During the lockdown period, over half of all Chinese regular wine drinkers (54 per cent) said they used the internet to buy wine, the first time the proportion of drinkers using this channel has gone over 50 per cent. Elsewhere, the online channels have benefited as wine purchase locations, as have convenience stores – in part because they might have been easier to access than the traditional big supermarket, particularly in the early stages of lockdown when panic buying and long queues were the norm.
4. If you convince people that in-person socialising is dangerous, people will be cautious about in-person socialising
Our data on intended behaviour post-lockdown has proven to be a fascinating study in contrast – and not always easily explained. Some countries that have suffered relatively little exposure to coronavirus, such as Australia, appear to have more nervousness about going out to bars and meeting people than countries such as Japan, where the virus was running out of control for a period of time.
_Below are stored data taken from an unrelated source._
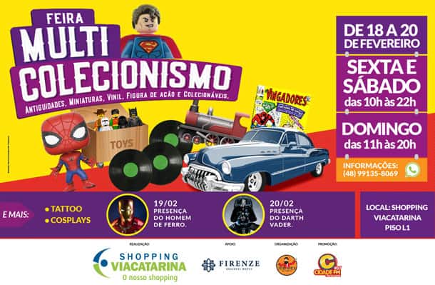 De 18/02 a 20/02, acontece no shopping ViaCatarina a Feira Multi Colecionismo com exposição e venda de miniaturas, feira de vinil, figuras de ação, moedas, gibis e colecionáveis. Atrações especiais serão as performances pelos pisos dos bonecos do Homem de Ferro (sábado) e Darth Wader (domingo). Haverá também a discotecagem do DJ Márcio da Noite do Vinil nos três dias de evento, que segue todos os cuidados de segurança e higienização necessários no combate ao coronavírus, com acesso gratuito para todas as idades.
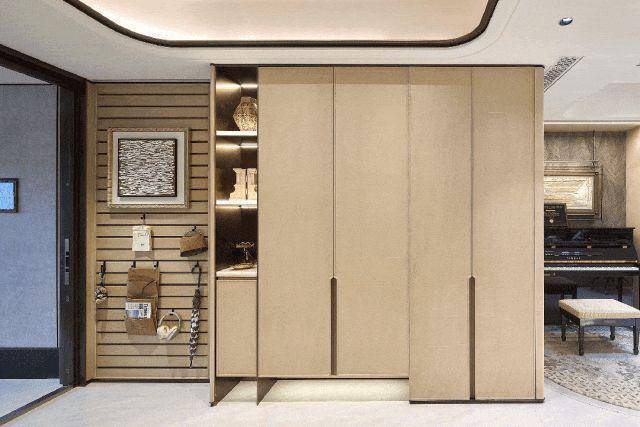 在保利天奕的背景墙岩板定制之上,保利珺园实现定制化的全面升级,打破“千房一面”的桎梏,构建三大定制体系,将定制化贯穿入户、玄关、客厅空间,兼顾个性化需求与整体美学统一,彰显高阶人群的专属品味
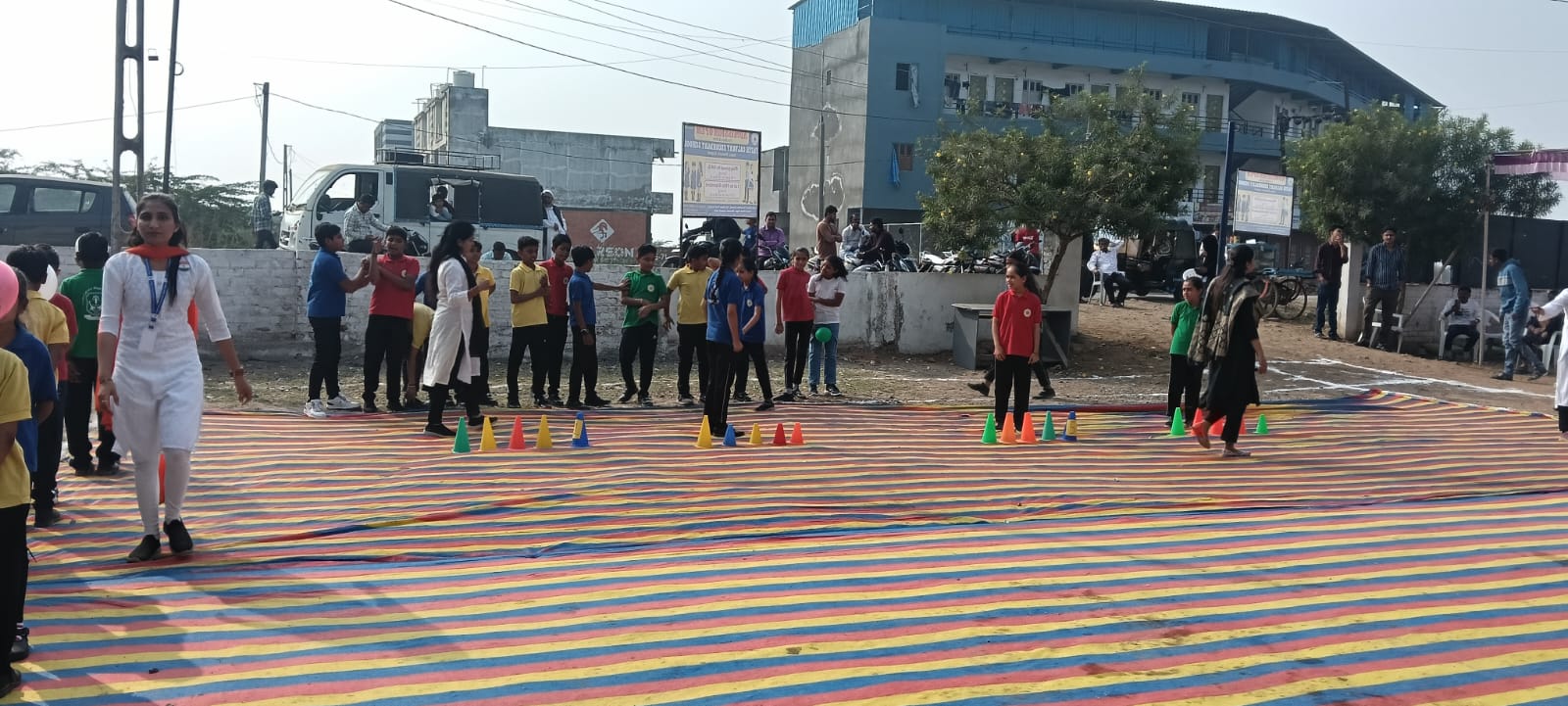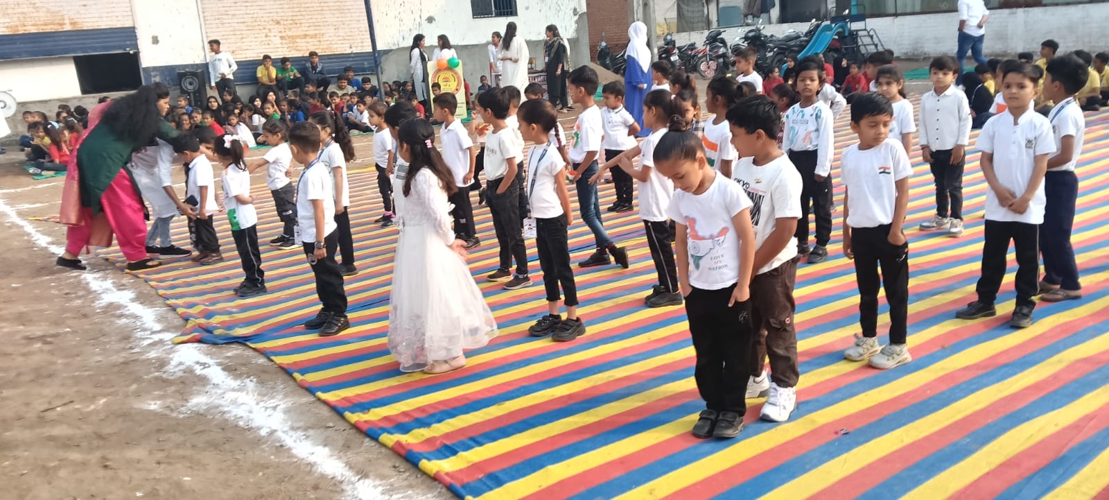કાર્યક્રમનું મુખ્ય આકર્ષણ પ્રી-પ્રાઈમરી અને પ્રાઈમરી વિભાગના નાના બાળકો દ્વારા રજૂ કરવામાં આવેલ માસ ડ્રિલ નૃત્ય રહ્યું હતું. સંગીતના તાલે અને રંગબેરંગી વેશભૂષામાં સજ્જ બાળકોના સુમેળભર્યા સ્ટેપ્સે વાલીઓ અને મહેમાનોની ખૂબ વાહવાહી મેળવી હતી. આ સમગ્ર ભવ્ય આયોજન ડૉ. હીના, ડૉ. ટી. એમ. ઓંકાર અને શ્રીમતી આશા ઓંકારના માર્ગદર્શન હેઠળ સફળતાપૂર્વક સંપન્ન થયું હતું. શાળા મેનેજમેન્ટે આ સફળતાનો શ્રેય શિક્ષકો, બિન-શિક્ષક સ્ટાફ અને ઉત્સાહી એન્કર ટીમને આપ્યો હતો. અંતમાં, શાળા પ્રશાસન દ્વારા તમામ વાલીઓનો આભાર વ્યક્ત કરવામાં આવ્યો હતો અને ઉપસ્થિતોનું મોઢું મીઠું કરાવી આનંદની વહેંચણી કરવામાં આવી હતી.
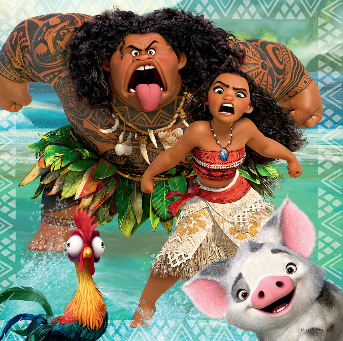Take a voyage with Moana and Maui from Disney's hit film! Three fun puzzles featuring characters from Disney's Moana. Each puzzle has 49 pieces and measures 8x8" when finished. For ages 5 and up.
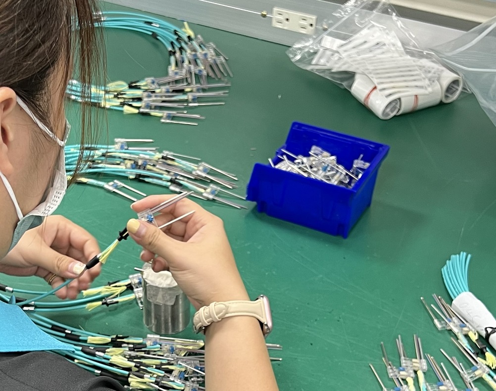 光パッチコードは、データセンターや通信インフラを支える重要な部品で、その性能は製造工程の精度に大きく左右されます。本記事では、単心コネクタまたはMPO(多心)コネクタ付きの光パッチコードを想定したアセンブリ工程を工程順に解説します。アセンブリ工程とは、光ファイバケーブルにコネクタを取り付け、規定の光学性能を満たす製品として完成させる一連の製造工程を指します。主な工程は以下の通りです。
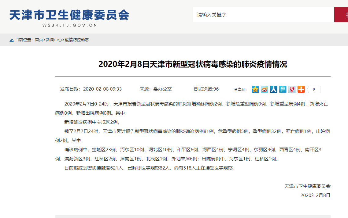 荔枝新闻讯 2020年2月7日0-24时,天津市报告新型冠状病毒感染的肺炎新增确诊病例2例,新增危重型病例0例,新增重型病例4例,新增死亡病例0例,新增出院病例0例。其中:
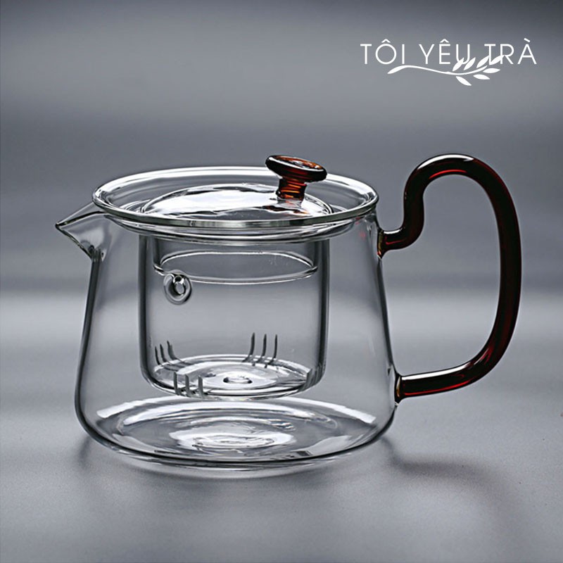 Ấm Pha Trà Thủy Tinh Có Lõi Lọc Quai Hổ Phách - 580ml
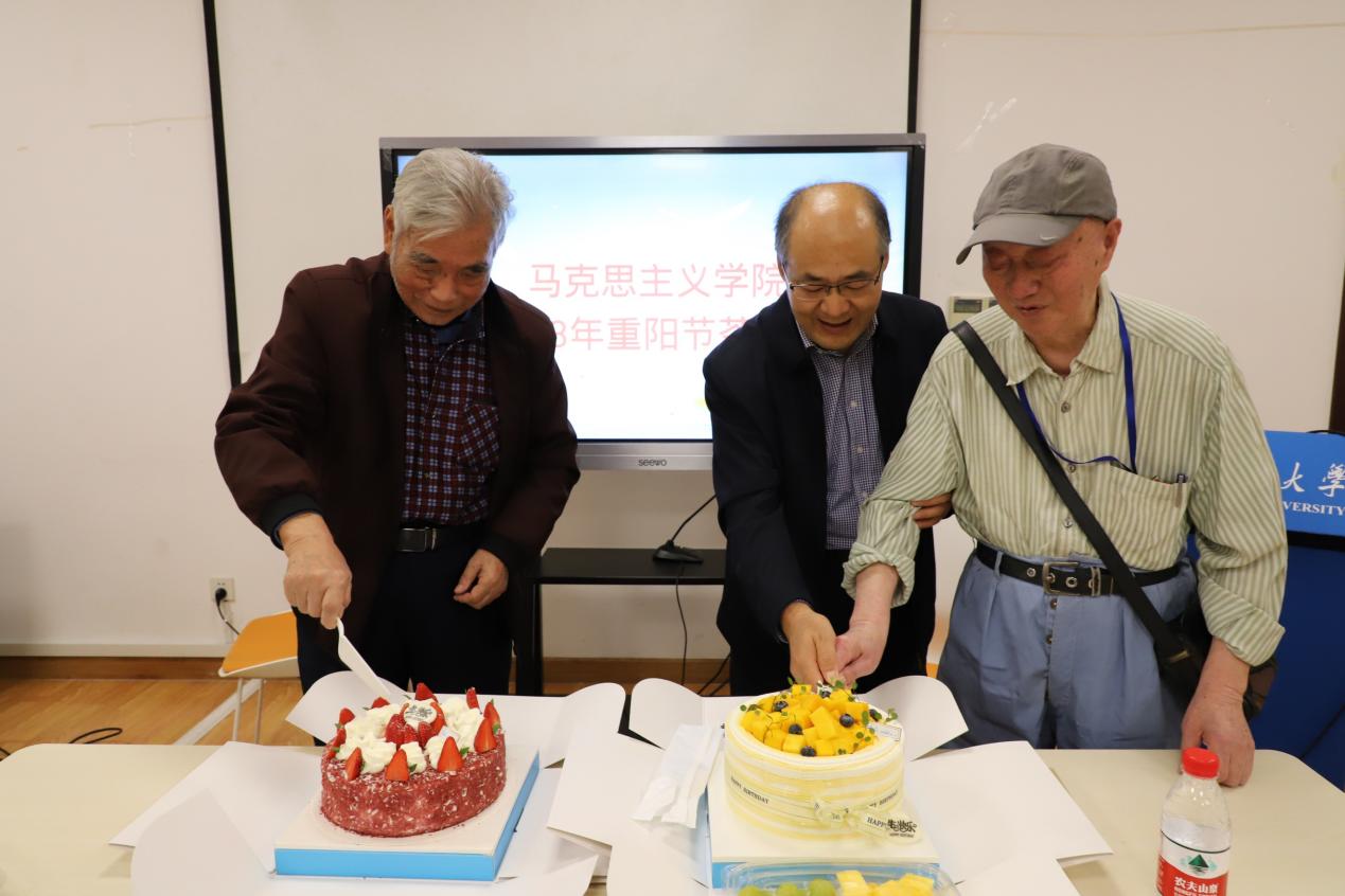 学院借此机会为退休教职工举办了集体生日会,参会退休教职工们在现场一同品尝生日蛋糕,大家沉浸在对学院往事的回忆与讨论中,互相分享重聚校园的喜悦。
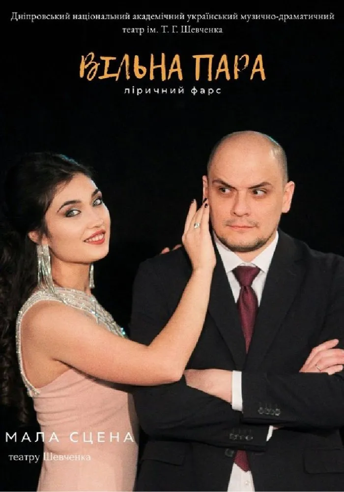 Дніпровський театр ім. Т. Г. Шевченка запрошує на ліричний фарс "Вільна пара". За мотивами п’єси всесвітньо відомого італійського драматурга та лауреата Нобелівської премії Даріо Фо, який у своїх драмах порушує непрості проблеми стосунків чоловіка та жінки, гендерної нерівності, любові та зради, в яких немає переможця.
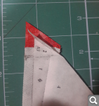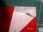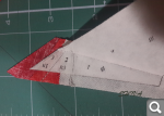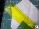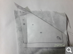 Накладываем кусочек под №1 на изнанку ткани и приклеиваем его утюгом. Удобно пользоваться миниутюжком, но можно делать это и кончиком обычного утюга. Затем загибаем по всем линиям последовательно и обрезаем с припуском четверть дюйма
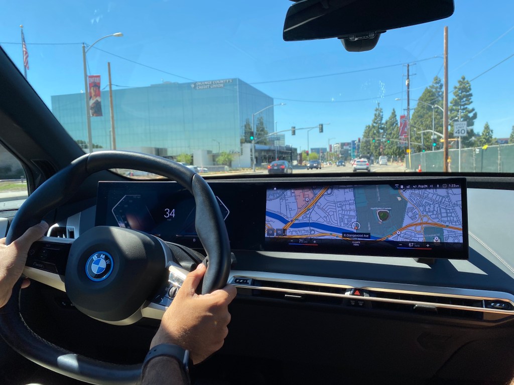 That wasn’t the only attraction on tap here, as there was a fairly full line-up of BMW and even MINI (for the Cooper SE Electric at least) models available to drive on a predetermined loop on the streets surrounding Angels Stadium in Anaheim. I rode passenger side in one of the MINI Cooper SE, but took the driver’s seat in the new iX SUV. Available in both xDrive50 and M60, your choices are plenty fast or way too fast. I chose to test out an xDrive50 as 516-hp seems like enough for a short drive on surface streets. The M60’s 610-hp would only serve to create a higher window for trouble. Unlike the i4’s genesis from a sporty gas vehicle to an even sportier EV, the iX is ground up EV. This means freedom to style the vehicle in a polarizing manner (though the styling is certainly growing on me), but it also means a low EV-esque cowl and a vehicle that won’t be mistaken for anything else.
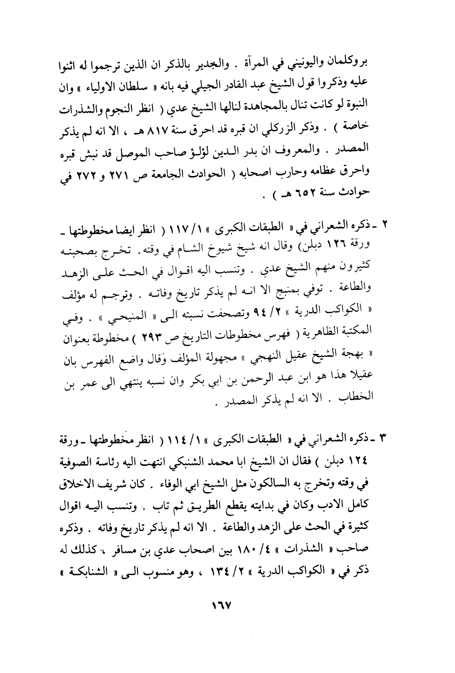 2- ذكره الشعراني في «الطبقات الكبرى» 1/117 (انظر ايضا مخطوطتها- ورقة 126 دبلن) وقال انه شيخ شيوخ الشام في وقته. تخرج بصحبته كثيرون منهم الشيخ عدي. وتنسب اليه اقوال في الحث على الزهد والطاعة. توفي بمنبج الا انه لم يذكر تاريخ وفاته. وترجم له مؤلف «الكواكب الدرية» 2/94 وتصحفت نسبته الى «المنيحي» . وفي المكتبة الظاهرية (فهرس مخطوطات التاريخ ص 293) مخطوطة بعنوان «بهجة الشيخ عقيل النهجي» مجهولة المؤلف وقال واضع الفهرس بان عقيلا هذا هو ابن عبد الرحمن بن ابي بكر وان نسبه ينتهي الى عمر بن الخطاب. الا انه لم يذكر المصدر.
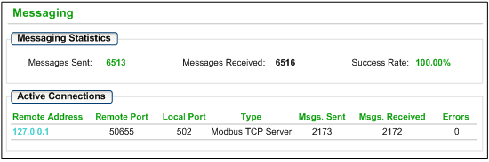 This field contains the total number of sent and received messages on port 502. These values are not reset when the port 502 connection is closed. Therefore, the values indicate the number of messages that have been sent or received since the module was started.
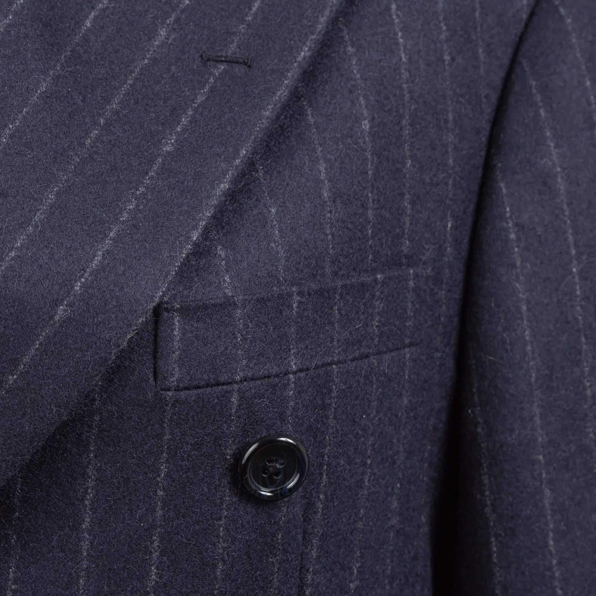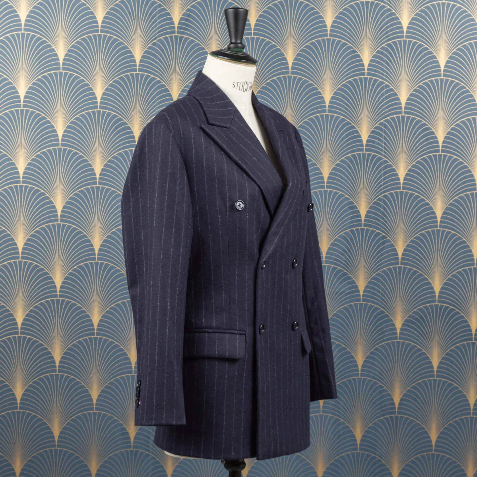 Dit krijtstreep maatpak voor dames is gemaakt met een rijke klassieke donkerblauwe wollen stof flanel met krijtstreep van Fox Brothers.

Overall, however, we have observed a fairly consistent pattern: around 1 in 6 consumers in the 12 markets we studies can’t wait to get back to restaurants, shops and bars, while around a quarter to a third are very resistant to the idea of being among crowds again. The group in the middle, typically around half of the population, are expecting to return to their normal pattern in due course, but appear not to be in any hurry to do so.
Conclusion: the on-premise in particular will see at best 75 per cent of its traffic even when restrictions have been removed and table capacity is restored – at least until the most cautious 25 per cent of the population have been fully reassured.
5. Money worries will put the brakes on spending for at least 12 months – probably longer
A consistent finding in the Covid-19 Impact Reports was that consumers are going to try to spend less and save more over the coming 12 months. It is hardly a surprise, given the economic disruption arising from lockdown and its aftermath, and the longer-term threat of a severe recession. Such data points are making economists very nervous, because such widespread and sudden changes of behaviour can cause major contractions in the economy and have broader and lasting effects on demand, prices and jobs.
Our data is suggesting that the principle casualties of this spend freeze will be longer-term and more expensive spending decisions such as moving house, buying a car, or planning big trips abroad (which are largely not possible at the moment anyway). Less affected will be the small luxuries alluded to in point one above, though even here the consumer default position will be to seek out value and avoid risky, esoteric and potentially disappointing products and experiences.